Mein Sohn rastet aus. Mitten im Wald bekommt er einen so heftigen Wutanfall, dass auch ich stutzig werde. Wieso ist die Frage, ob wir links oder rechts gehen so ungemein wichtig?
Doch dann dämmert es mir: Teiche können nicht auf dem Weg liegen.
„Oma meint, dass wenn wir links gehen, dass dann neben dem Weg schöne Teiche sind, wo ihr spielen könnt.“ „Aber das hat sie nicht gesagt. Sie hat gesagt, dass die Teiche auf dem Weg liegen und so etwas gibt es gar nicht.“ Er weint und flucht und schreit weiter herum. Untröstbar.
Ich schicke meine Eltern weiter, bleibe bei meinem weinenden Kind und erkläre noch einmal, dass Oma mit dem was sie gesagt hat, sich vertan hat. Er beruhigt sich und wir können weitergehen.
Nach dem genussvollen Spiel am Teich, wo er sich nasse Füße, Hose, Ärmel holt, gehen wir durch einen kleinen Ort. Wieder geschieht irgendetwas, aber diesmal habe ich nicht mitbekommen, was es war. Den ganzen Ort durch schreit mein Sohn mich an. Meine Eltern, wären vermutlich gerne in diversen Mäuselöchern verschwunden. Aber ich bin längst in meiner Realität angekommen.
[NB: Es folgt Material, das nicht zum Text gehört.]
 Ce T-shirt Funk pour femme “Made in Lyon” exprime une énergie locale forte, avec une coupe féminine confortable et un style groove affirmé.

So ist das eben, wenn ein Missverständnis zu einem autistischen Wutanfall führt. Ich weiß gerade nicht, wie ich ihn beenden kann, also gehe ich gelassen weiter und interessiere mich nicht die Bohne dafür, was alle andern denken. Und dann rast er plötzlich von hinten an mir vorbei und drückt mir eine Feder in die Hand. Die Feder lag auf der Erde und hat ihn aus seiner Wutschleife geholt. Er schenkt sie mir.
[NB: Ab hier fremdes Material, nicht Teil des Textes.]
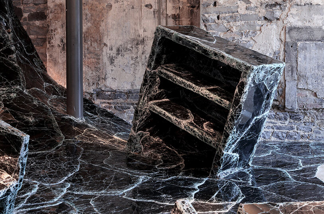 اثر Dark Tide الهام گرفته از ساختمان بازسازي شده‌ي خود Debombourg است که در آن آثار تاريخي در کنار عناصر معماري معاصر قرار دارند. هنرمند با برداشتن يک قدم جلوتر، فضاي نمايشگاه را به عنوان دفتري با پلان باز تصور مي کند که توسط يک فاجعه طبيعي آسيب ديده است.

Er sagt nichts dazu, aber die Schreierei hört auf. Ich interpretiere frei für mich, was er sagen möchte:
„Entschuldigung Mama. Danke, dass Du nicht zurück schreist, wenn ich so wütend bin. Danke, dass Du mir manchmal die Welt erklärst, wenn ich sie nicht verstehe. Danke, dass auch wenn Du mich nicht verstehst, Du bei mir bist. Danke, dass es Dir egal ist, was die Leute denken.“ (S.J.)